Жизнь и судьба серпуховича Евгения Козлова сквозь призму эпох

Жизнь и судьба серпуховича Евгения Козлова сквозь призму эпох

Отшагали на параде стройные армейские колонны. Отгремели праздничные салюты. Страна возвращается к трудовым будням и обычным выходным. Однако  память об уже далеких, но таких близких каждому сердцу днях Великой Отечественной войны и последующего восстановления страны остается с нами.

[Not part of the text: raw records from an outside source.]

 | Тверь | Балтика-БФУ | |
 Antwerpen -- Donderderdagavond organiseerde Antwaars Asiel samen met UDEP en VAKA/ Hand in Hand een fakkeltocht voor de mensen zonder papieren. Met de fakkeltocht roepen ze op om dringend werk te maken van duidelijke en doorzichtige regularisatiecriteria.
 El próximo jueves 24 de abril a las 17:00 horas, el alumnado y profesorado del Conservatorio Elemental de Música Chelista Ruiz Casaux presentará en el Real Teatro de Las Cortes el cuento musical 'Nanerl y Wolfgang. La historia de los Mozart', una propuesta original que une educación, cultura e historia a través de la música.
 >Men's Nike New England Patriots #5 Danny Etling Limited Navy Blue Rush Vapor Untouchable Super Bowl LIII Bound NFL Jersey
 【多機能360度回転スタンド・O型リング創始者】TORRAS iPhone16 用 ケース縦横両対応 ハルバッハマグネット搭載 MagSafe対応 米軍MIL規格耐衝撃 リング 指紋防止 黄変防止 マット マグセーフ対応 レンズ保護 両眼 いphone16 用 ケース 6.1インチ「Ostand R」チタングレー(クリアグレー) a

И очень хорошо, что живы те, кто может достоверно рассказать о событиях этого трагического, наполненного героизмом 
времени и обо всех последующих годах возрождения великой страны. Тем более, что рассказ нашего собеседника тесно перекликается с реалиями сегодняшних дней.
У войны не детское лицо

Евгений Васильевич Козлов войну встретил пятилетним ребенком. Его семья тогда проживала на Украине.
— Отец мой Василий Амосович Козлов — родом со Смоленщины. По окончании школы ОСОАВИАХИМа был направлен в Донецк, а оттуда в село Успенка, которое тогда относилось к Таганрогской области, — начинает свои воспоминания Евгений Васильевич. — Станица была очень большая, тянулась на три километра. Отец мой был радистом и должен был наладить в селе радиосвязь.

Василию Амосовичу удалось не только обеспечить село радиоузлом, но и организовать художественную самодеятельность: он неплохо играл на баяне. Здесь же, в Успенке,  он познакомился со своей будущей женой Екатериной Ивановной Щебетенко.

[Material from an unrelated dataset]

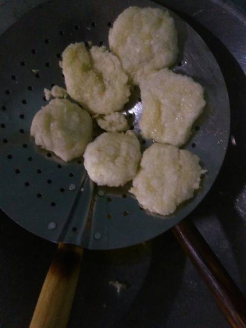 Tuang adonan yg direbus td ke sisa tepung tapioka,aduk2 sampai kalis.
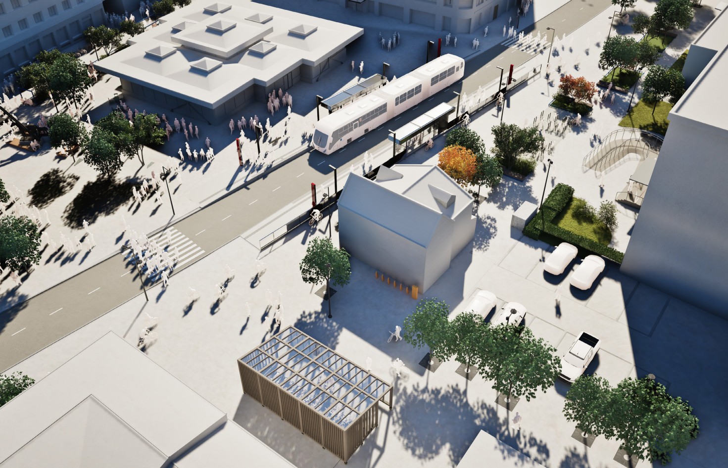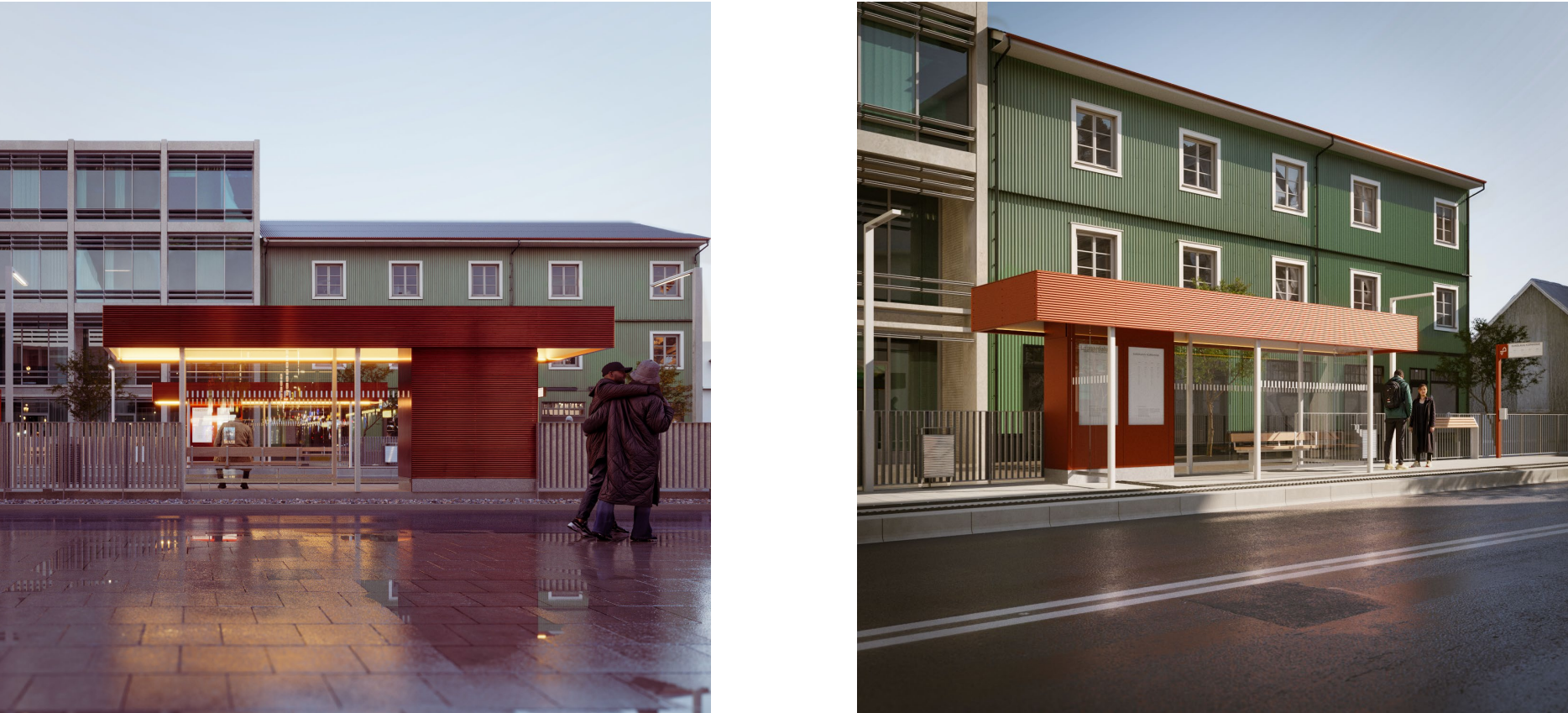 Dæmi um ásýnd Borgarlínuskýla og -palla.

— Отец и мать были из разных по достатку семей. Отец рано остался сиротой, жили небогато, а вот родители моей бабушки были из зажиточных. Прадед Дмитрий Михайлович Щебетенко был полковником и служил на границе с Арменией. В 1913 году его забрали ко двору Николая Второго, в Санкт-Петербург. Он хотел и жену с детьми туда перевезти, но баба Акулина, как мы ее звали, не поехала. Так и сказала: «Я здесь родилась, здесь и умру!». Я ее потом спросил, почему она такое решение приняла, на что она мне ответила: «Надо бедным помогать здесь, своим». И это несмотря на то, что своих детей у нее было много. И вот что примечательно: в годы Гражданской войны двое из них воевали на стороне «белых», а остальные за «красных». Вот ведь судьба! — удивляется Евгений Васильевич.

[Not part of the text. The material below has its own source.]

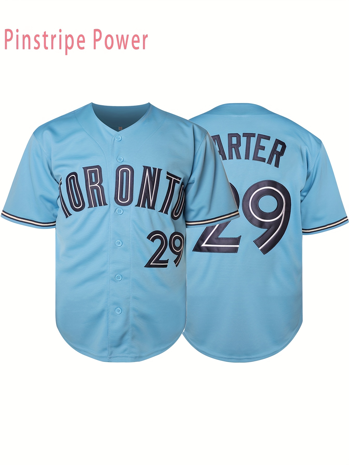 Men'S # 29 Blue Embroidered Baseball Shirt Suitable For Training And Casual Wear Durable Polyester S-3XL
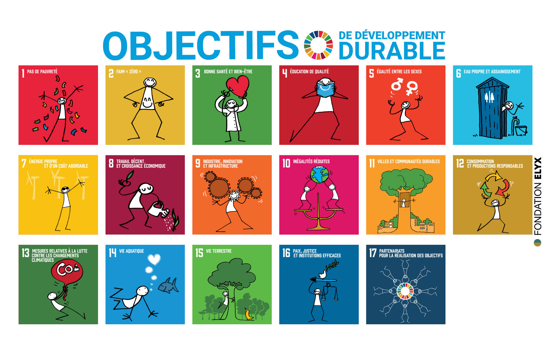 Adoptés par les Nations Unies après de longues consultations incluant ONG, chercheur·ses, organisations internationales, gouvernements, mouvements citoyens, les 17 objectifs à atteindre d’ici 2030 visent à ne laisser personne de côté en considérant les liens intrinsèques entre pauvreté et inégalités, faim ; accès à la santé ; à l’éducation ; à l’eau ; égalité femmes-hommes ; consommation responsable ; protection de l’environnement et dérèglements climatiques.

1936 год ознаменовался для семьи Василия и Екатерины Козловых рождением сына Жени. А вот уже следующий, 1937‑й, едва не стал трагичным. И только удивительная удача помогла избежать большой беды.

— На отца написали донос о том, что он троцкист. Это уже потом сообщил матери один знакомый милиционер, — вспоминает Козлов. — Отцу удалось передать матери записку с обращением к Сталину о помиловании. Мама все сделала, как велел папа: опустила письмо в почтовый поезд. И это сработало. Через какое-то время пришла открытка, я ее даже видел, на которой написано: «Козлова Василия Амосовича освободить из мест заключения в 24 часа с возвращением имущества». Я потом очень удивлялся, как отца, активного комсомольца, могли записать в троцкисты? Наверное, кому-то как раз его активность и не нравилась.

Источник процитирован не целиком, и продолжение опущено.